Can you feel it?

We hear a lot these days about the therapeutic benefits of knitting. Amongst other things it’s claimed that knitting can lower blood pressure, reduce depression and anxiety, slow the onset of dementia, even be a distraction from chronic pain and reduce loneliness and isolation. 

But I’ve got to level with you. It’s not always like that. 

When Elizabeth Zimmerman wrote her famous line about how knitting could calm the troubled spirit, I suspect it wasn’t after helping a knitter whose 12 stitch lace repeat had gone wrong on their 387 stitch row for the 5th time, or on the 4th attempt at guiding a knitter through their 3-row button hole that involves 5 different techniques which needed re-reading and video tutorialing 3 times, or in the course of making sense of short row shaping that references turning after one of 3 different stitch markers.

In thinking about all of this, I’m put in mind of the Beginner Class student whose hands were stubbornly resisting the in-round-through-off routine when she cautiously asked, ‘When do we get to the mindful bit?’.

And the answer is: You will. I promise you will. Elizabeth Zimmerman knew what she was talking about.
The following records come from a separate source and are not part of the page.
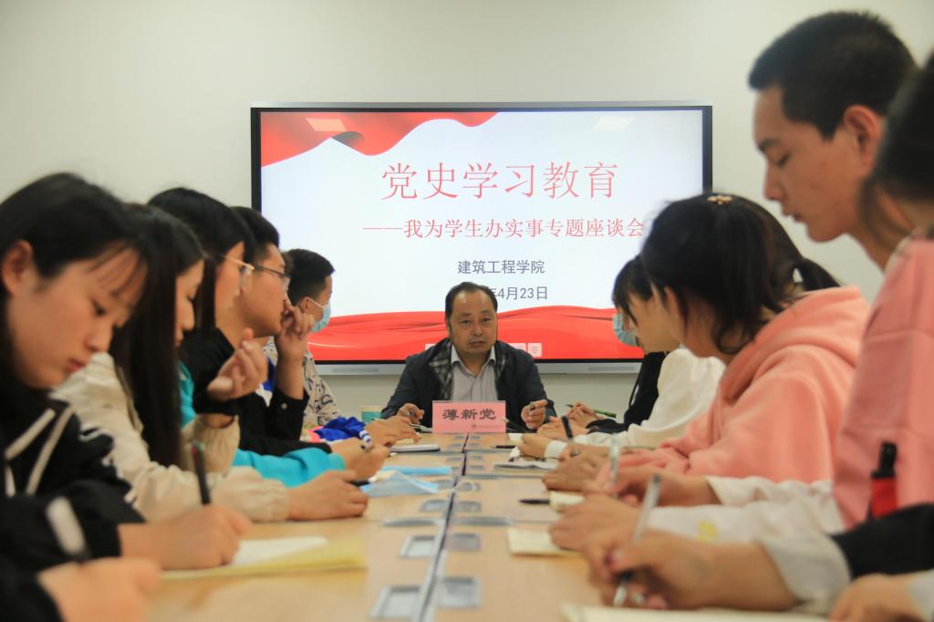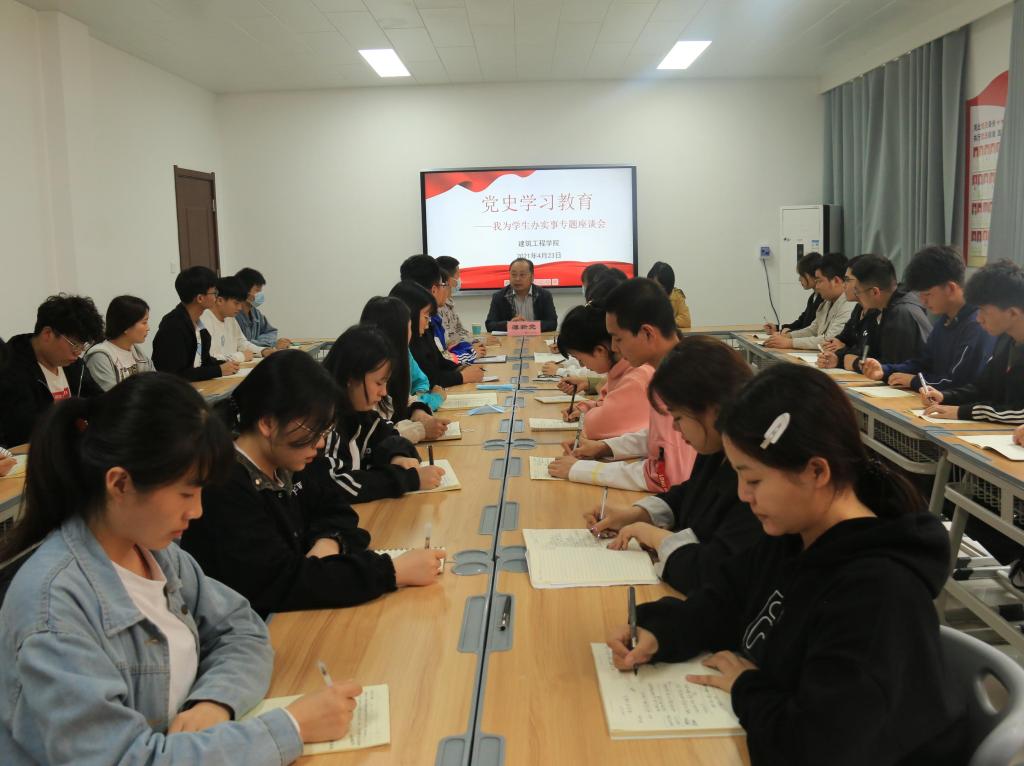为全面贯彻落实习近平总书记在党史学习教育动员大会上的重要讲话精神,扎实开展好“我为群众办实事”实践活动,聆听师生心声,推进学校各项工作更好更快的发展。2021年4月23日下午,Beat365官网副校长薄新党深入基层来到建筑工程学院开展“我为学生办实事”专题调研座谈会,建筑工程学院2019级、2020级36名学生代表参加座谈会。
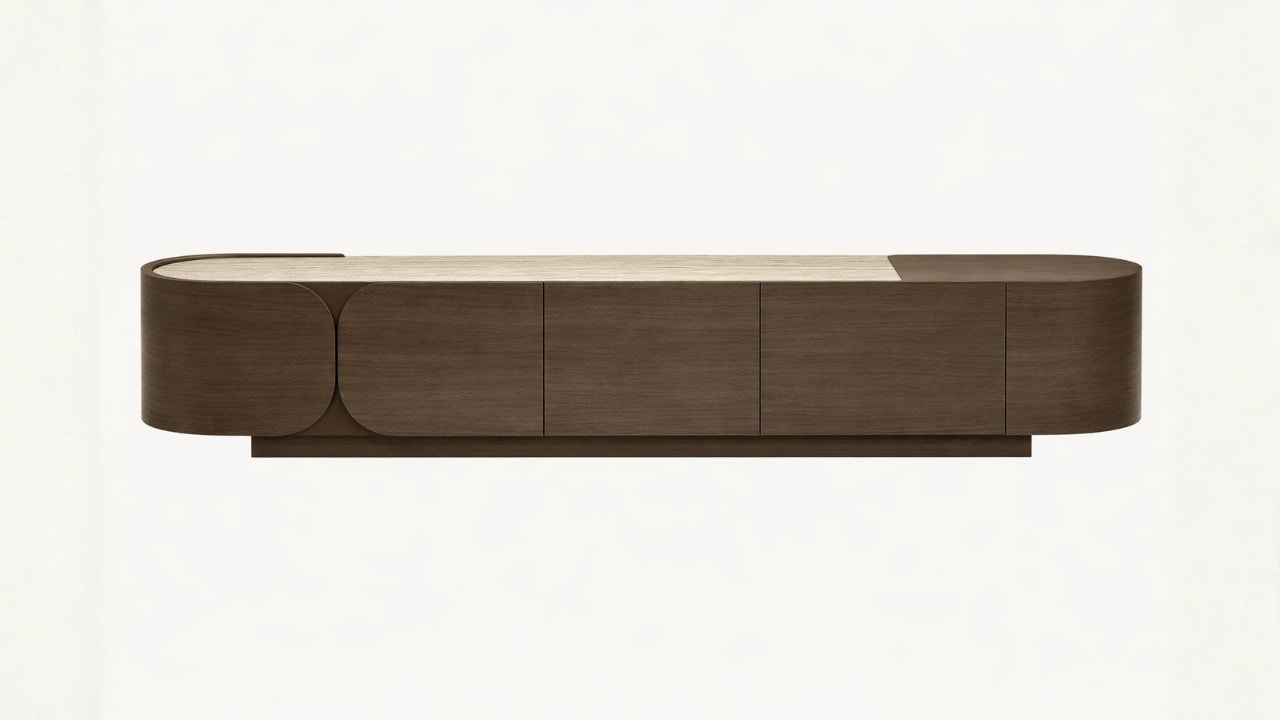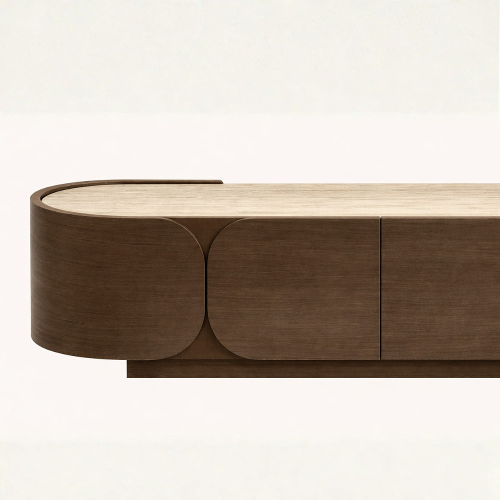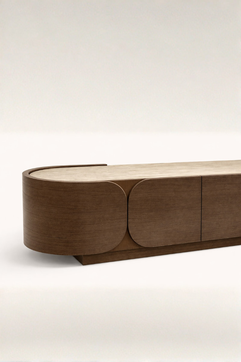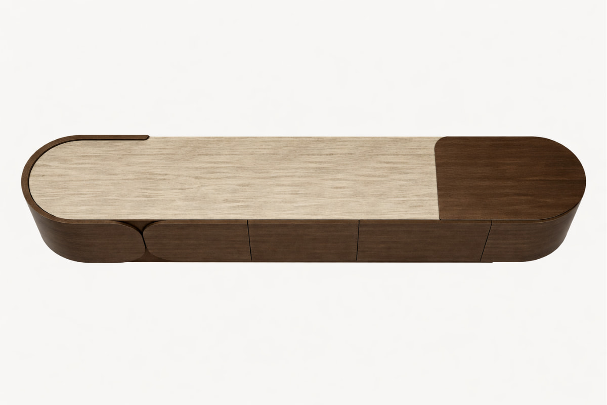 Lex TV Console – Features a sculptural low-profile design with smooth rounded edges and a striking two-tone finish. Its spacious concealed storage and modern silhouette make it a refined statement piece for contemporary living spaces.
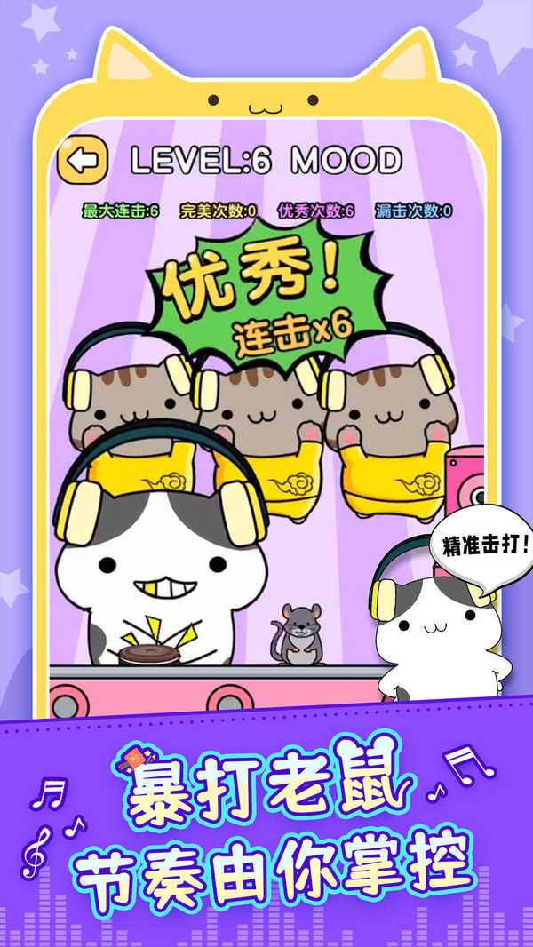超可爱的演奏动作,萌化每一位玩家的心,体验一场最过瘾的节奏游戏;

You’ll know when you’ve got there because you’ll feel it. It’s about tuning into the stitches and seeing the repeats appear in a way that make sense. When you wrap the yarn and pull it through, the stitch that comes out will feel right and fit in the fabric that you’re making. You’ll know to lean your increase left beause that’s the side of the raglan you’re on, and you’ll feelwhich way it’s got to lean. The shapes of the lace stitches below will let you know if they want a K2tog or an SSK to continue their curvey lines around the holes from the rows below

You’ll know when you’ve got to the mindful bit because it’s like the needles are taking your fingers along the row instead of the written pattern. The pattern is showing you the road ahead and it’s important that you read it carefully –  but beware of holding onto it with a white-knuckle like grip. Take a deep breath and step back. Knitting, just like those woods that get obscured by the trees, is inclined to get overwhelmed by instructions. If you’re feeling like the mindful bit eludes you, my advice is to put the knitting down (with stitches carefully pushed down away from the needle tips), go and make a cup of tea, drink it, then come back and look at the fabric again. Stroke it out and see what the pattern is trying to do. Your stitches make sense when they come together in the fabric. And when your knitting understands its place in that bigger picture, that’s when you’ll feel it working.

The mindful bit is there in the fabric to come and when you get there, you’ll see that it sort of works with the rest of life too.